A factor market is where households sell resources (land, labor, capital, entrepreneurship) and firms buy them, paying rent, wages, interest, and profit. The demand for any resource is a derived demand, meaning it comes from the demand for whatever that resource helps produce, and firms decide how much to hire by comparing the marginal revenue product (MRP) to the marginal resource cost (MRC).

Why This Matters for the AP Microeconomics Exam

Factor markets show up as a graded part of the AP Microeconomics exam, and they tend to trip students up because they come late in the course and feel different from product markets. This topic builds the foundation for everything else in the unit: reading and labeling labor demand and supply curves, calculating MRP and MRC from a table, and using the MRP = MRC rule to decide how many workers a firm should hire.

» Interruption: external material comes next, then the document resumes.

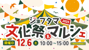 2025年10月3日 🎪ジョブタマ文化祭&マルシェ2025🎊 12月6日(土)に開催されるジョブタマ文化祭&マルシェの詳細ページです♪マルシェ出展者様のご紹介やイベントの詳しい内容は随時更新されます。 New▶ 11月26日更新!ページの一番下に商品などの情報を追加しました! […]

The exam rewards you for connecting factor markets back to ideas you already know. Labor demand slopes downward for the same logical reason product demand does, and the hiring rule (MRP = MRC) is just the marginal benefit equals marginal cost idea applied to inputs. If you can interpret a graph, calculate values from data, and explain the cause and effect, you are set up for multiple-choice questions and the free-response work that builds on this topic.

Key Takeaways

  • A factor market is where firms buy resources from households, paying wages for labor, rent for land, interest for capital, and profit for entrepreneurship.
  • Demand for a resource is a derived demand: it comes from the demand for the product the resource helps make.
  • The labor demand curve slopes downward (more workers hired as wage falls) and the labor supply curve slopes upward (more workers willing to work as wage rises), holding other things constant.
  • Marginal revenue product (MRP) is the extra revenue from one more worker; in a competitive output market, MRP = MP times product price.
  • Marginal resource cost (MRC) is the cost of hiring one more unit of a resource; for labor, that is the wage rate.
  • Firms hire workers as long as MRP is greater than MRC and stop where MRP = MRC.

What is a Factor Market?

A factor market (also called a resource market) is the part of the circular flow where households sell the factors of production to firms. The four factors are land, labor, capital, and entrepreneurship, and the payments firms make for them are rent, wages, interest, and profit.

In factor markets, the demand for a resource is derived demand, meaning it comes from the demand for the products that resource helps produce. For example, the demand for carpenters is derived from the demand for homes. If demand for new houses spikes, demand for carpenters increases too.

The demand for labor is downward sloping because firms are willing to hire more workers as the wage falls. The supply of labor is upward sloping because more workers are willing and able to work as the wage rises. This follows the same logic as the supply and demand you learned earlier in the course.

A labor demand curve: as the wage rises, the quantity of labor demanded by firms falls, and as the wage falls, quantity demanded rises.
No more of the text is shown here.